Start of Block

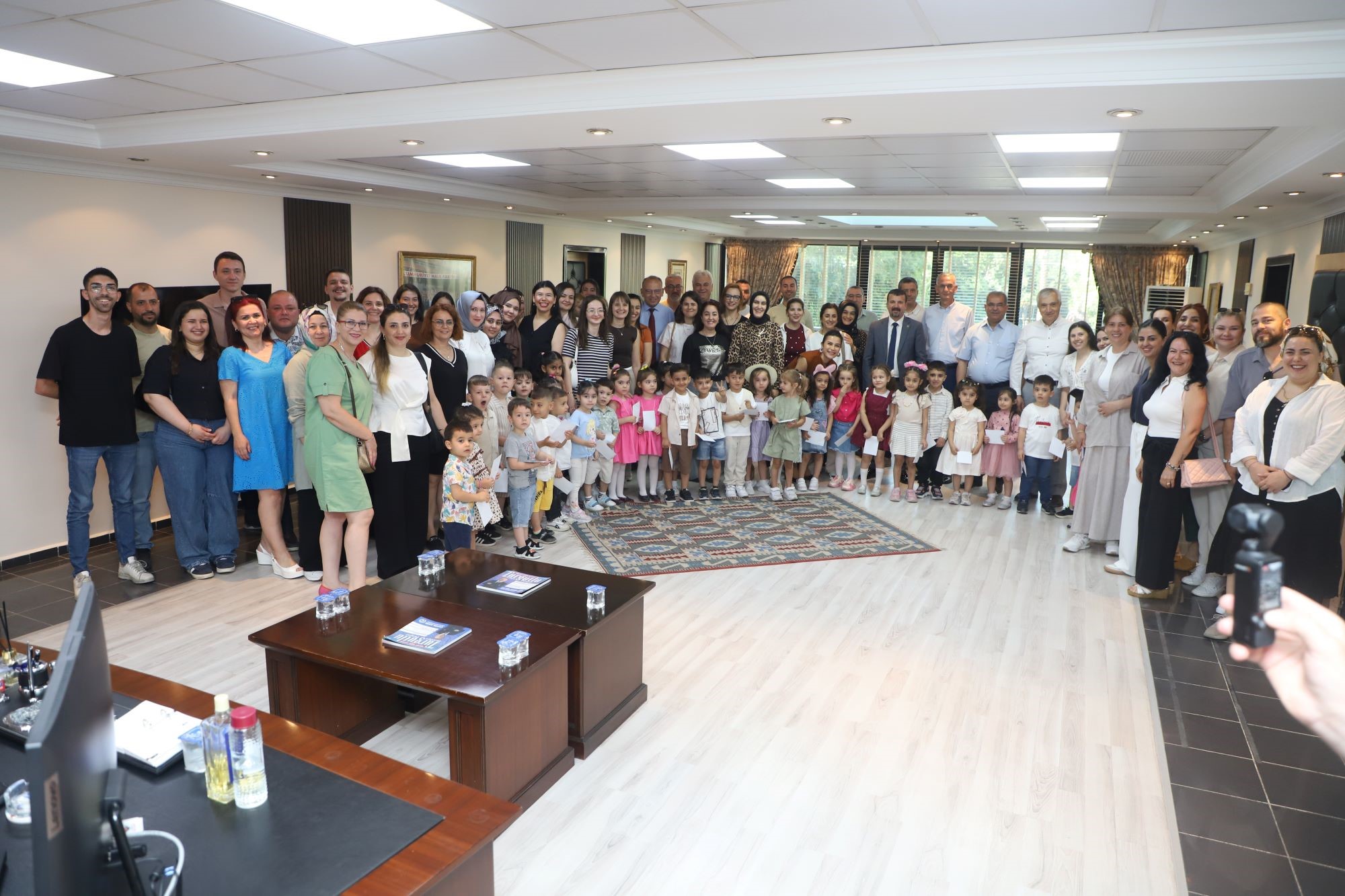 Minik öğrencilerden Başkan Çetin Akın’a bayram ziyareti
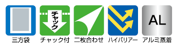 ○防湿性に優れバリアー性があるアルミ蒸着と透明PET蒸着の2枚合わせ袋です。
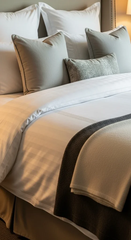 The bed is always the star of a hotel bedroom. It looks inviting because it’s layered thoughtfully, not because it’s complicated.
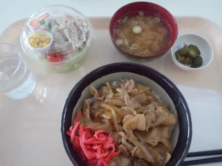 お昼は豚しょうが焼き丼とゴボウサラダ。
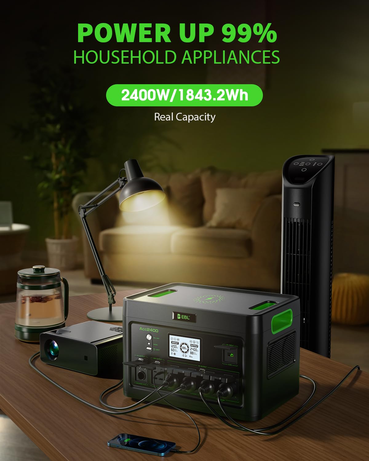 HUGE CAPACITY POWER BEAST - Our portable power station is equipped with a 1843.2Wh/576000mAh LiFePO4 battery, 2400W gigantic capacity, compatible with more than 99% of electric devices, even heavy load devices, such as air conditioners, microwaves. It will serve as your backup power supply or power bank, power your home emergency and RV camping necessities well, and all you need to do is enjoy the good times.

End of Block

- EXERCISE AIM
Word for word, retype the lines in the entries above that run from the one with "The bed is always" through the one with "お昼は豚しょうが焼き丼とゴボウサラダ。". Both ends count; pictures do not.

- SOLUTION
 The bed is always the star of a hotel bedroom. It looks inviting because it’s layered thoughtfully, not because it’s complicated.
 お昼は豚しょうが焼き丼とゴボウサラダ。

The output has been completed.